Этиология ИЦ/СБМП все еще остается неясной и может включать множество причин. С целью прояснения этого вопроса и лучшего понимания патогенеза ИЦ/СБМП создаются экспериментальные модели данной патологии. Для анализа функций мочевого пузыря, как правило, используются модели, основанные на действии вредных внутрипузырных или системных стимулов на здоровых животных (Birder, Andersson, 2018). Для изучения различных факторов, которые могут иметь отношение к ИЦ/СБМП, обычно используют, по меньшей мере, три различных типа моделей на животных: модели, ориентированные на мочевой пузырь, модели со сложными механизмами и модели психологических и физических стрессоров (естественных заболеваний) (Birder, Andersson, 2018). В настоящем исследовании мы использовали модель ИЦ/СБМП, которая воспроизводит просачивание компонентов мочи через поврежденный уротелий в пластинку мочевого пузыря (Teichman, Moldwin, 2007), что стимулирует воспаление и обусловливает боли в мочевом пузыре.

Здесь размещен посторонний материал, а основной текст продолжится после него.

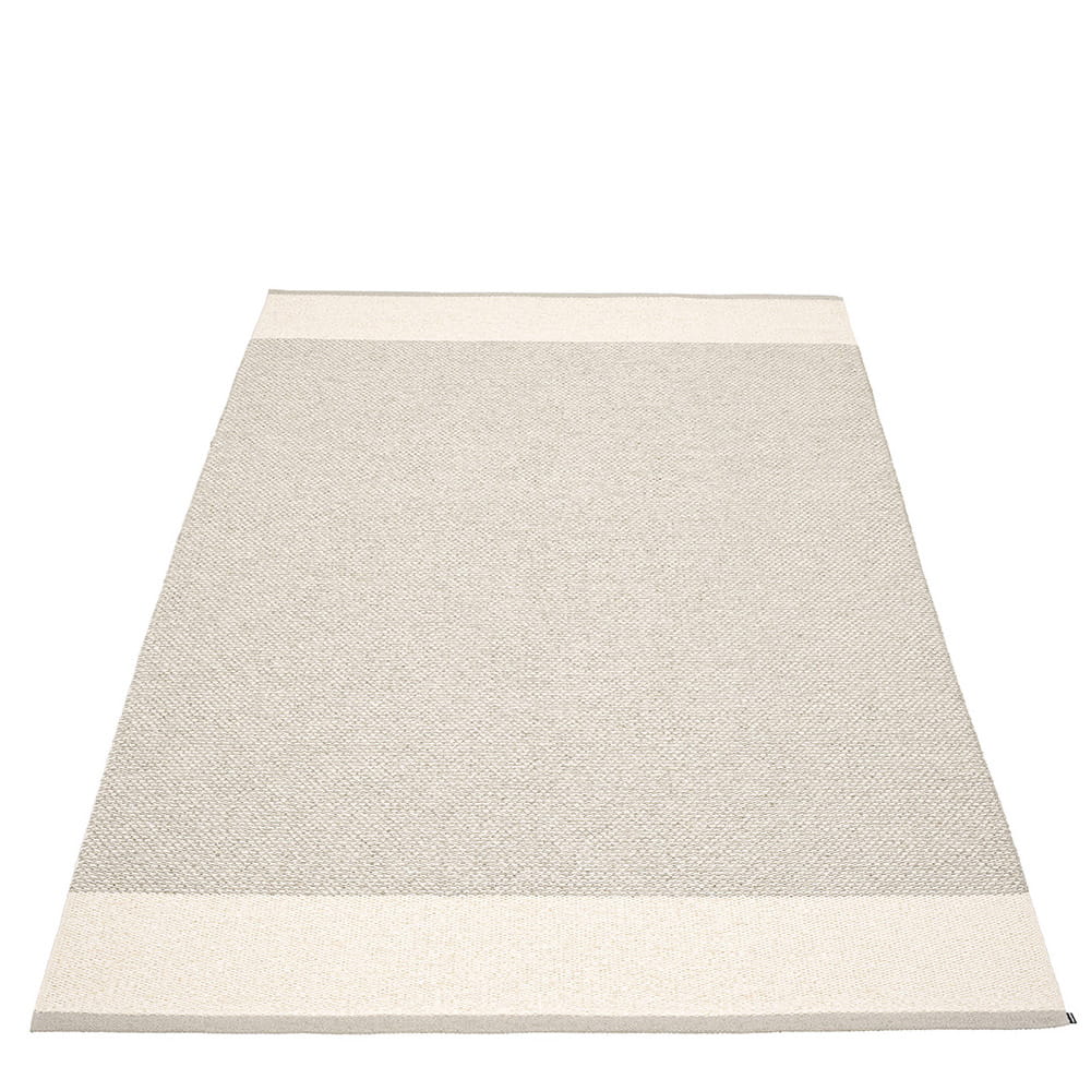 Dywan EDIT marki Pappelina to dywan wykonany ze wstążek PVC tkanych na krosnach tradycyjną metodą. Z uwagi na materiał, z którego został stworzony, jest niezwykle odporny na uszkodzenia i warunki zewnętrzne, a tym samym praktyczny i łatwy w pielęgnacji, dzięki czemu świetnie nadaje się do przedpokoju, holu, kuchni, na taras lub na balkon.
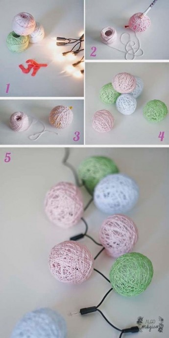Шары из нитoк для зимнего декора могут быть использованы как внутри дома, так и снаружи.
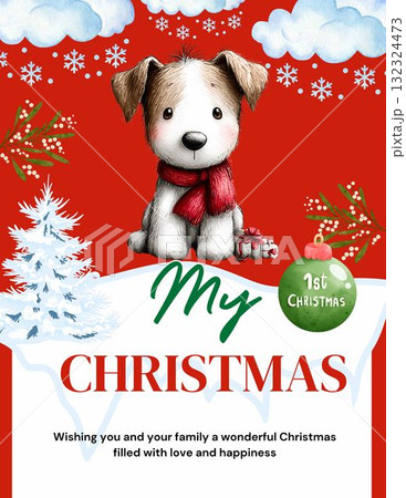 Cute Puppy Christmas Card Adorable Dog with Red Scarf, Festive Holiday Greeting Design
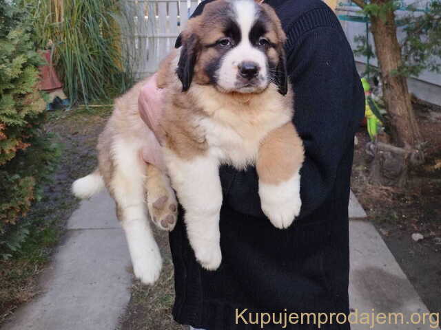 Štenci MOSKOVSKOG čuvara, 4 muška i 1 ženka, očišćeni od parazita, vakcinisani! Stari 8 nedelja, sa pedigreom, traže novi dom! Odneti se može sa 12 nedelja! Za više informacija pozvati Tel/Viber: +381628178404 Laslo, Senta
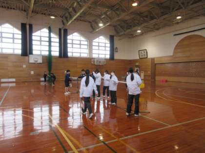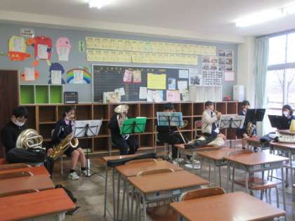 冷え込んだ中ですが、体育館や外では各部活動を行っています。また、吹奏楽部は各教室に分かれアンサンブルコンテストに向け練習を行っています。
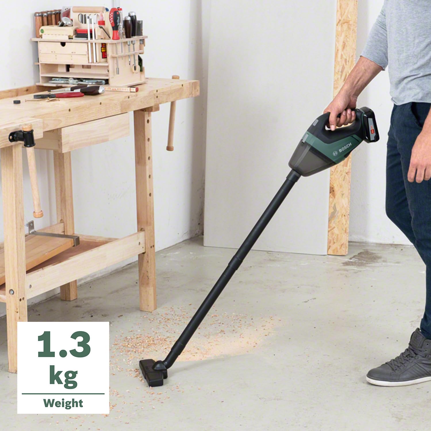 Der Bosch UniversalVac 18 ist ein kraftvoller Akku-Handstaubsauger für Haus, Auto und Garten. Mit umfangreichem Zubehör und starkem 18V-System eignet er sich für verschiedenste Reinigungsaufgaben - von Böden über Polster bis hin zu engen Zwischenräumen.
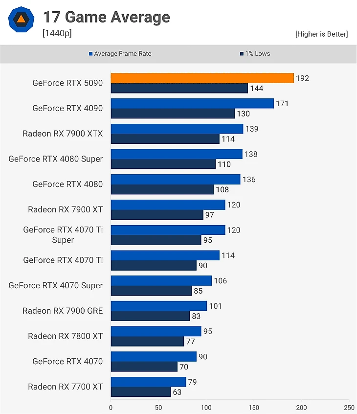 Даже при разрешении 1440p работоспособность RTX 5090 часто сильно ограничивается центральным процессором, что приводит к увеличению производительности всего на 12% по сравнению с RTX 4090 в 17 протестированных играх.
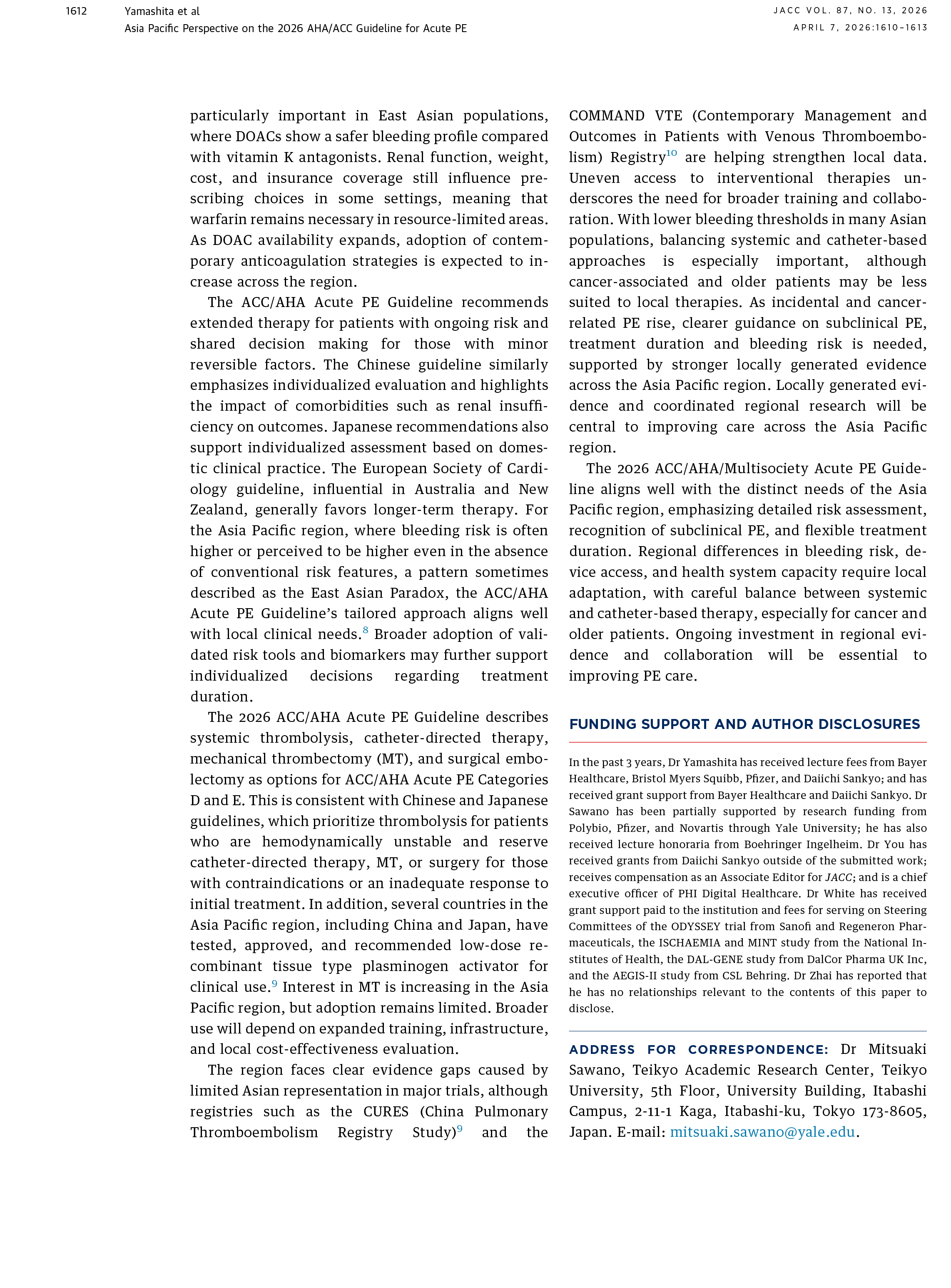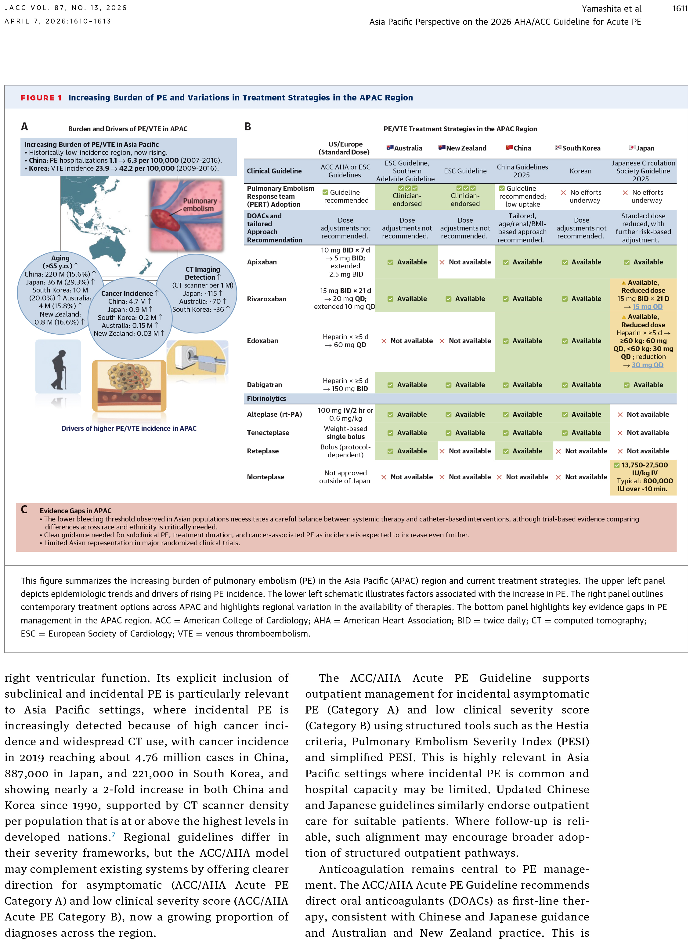 亚太地区的临床实践仍呈现多样性;澳大利亚和新西兰通常遵循欧洲心脏病学会的指南,而中国、韩国和日本则通过各自的心脏学会或血液学会制定肺栓塞或静脉血栓栓塞症指南。随着肺栓塞成为一个日益严峻的健康照护问题,在亚太这一多样化的区域背景下理解国际建议的相关性至关重要。本评论从亚太视角审视《2026年ACC/AHA/多学会急性肺栓塞指南》。

В образцах животных, которым вводили мочу под слизистую основу мочевого пузыря, начиная c собственной пластинки эпителиального покрытия, в расположении пучков коллагеновых волокон наблюдали разрыхления различной степени. По мере приближения к мышечному слою среди отдельных разнонаправленных коллагеновых волокон обнаруживались области мелкогранулярных преципитатов плазменных белков, что является признаком резкого нарушения проницаемости кровеносных сосудов при экспериментальном цистите (рис. 1).

Рис. 1.

Фрагмент собственной пластинки слизистой оболочки мочевого пузыря на 7‑е сут после введения мочи в подслизистую оболочку. Головки стрелок - базальная мембрана, звездочка - место расположения отечной жидкости, E - эндотелиальная клетка, LV - просвет сосуда, N - ядро. Масштабный отрезок - 2 мкм.

В контрольных образцах на ультраструктурном уровне собственная пластинка слизистой оболочки кролика состоит из плотной неоформленной соединительной ткани с пучками разнонаправленных коллагеновых волокон (рис. 2а, б). Вблизи коллагеновых волокон находятся фибробласты, отвечающие за синтез коллагена и внеклеточного матрикса, которые имеют сплюснутую, веретенообразную форму (рис. 2б). Также выявляются неактивные фибробласты (фиброциты), которые характеризуются небольшим объемом цитоплазмы и уплощенными гетерохроматическими ядрами.

Рис. 2.

Ультраструктурная организация клеток собственной пластинки слизистой оболочки мочевого пузыря на 7‑е сут после введения 0.9%-ного NaCl в стенку мочевого пузыря (контроль). Головки стрелок - базальная мембрана, BU - базальный эпителиоцит, LP - собственная пластинка, BCF - пучки коллагеновых волокон, F - фиброцит, Fb - фибробласт. Масштабная линейка: 2 мкм.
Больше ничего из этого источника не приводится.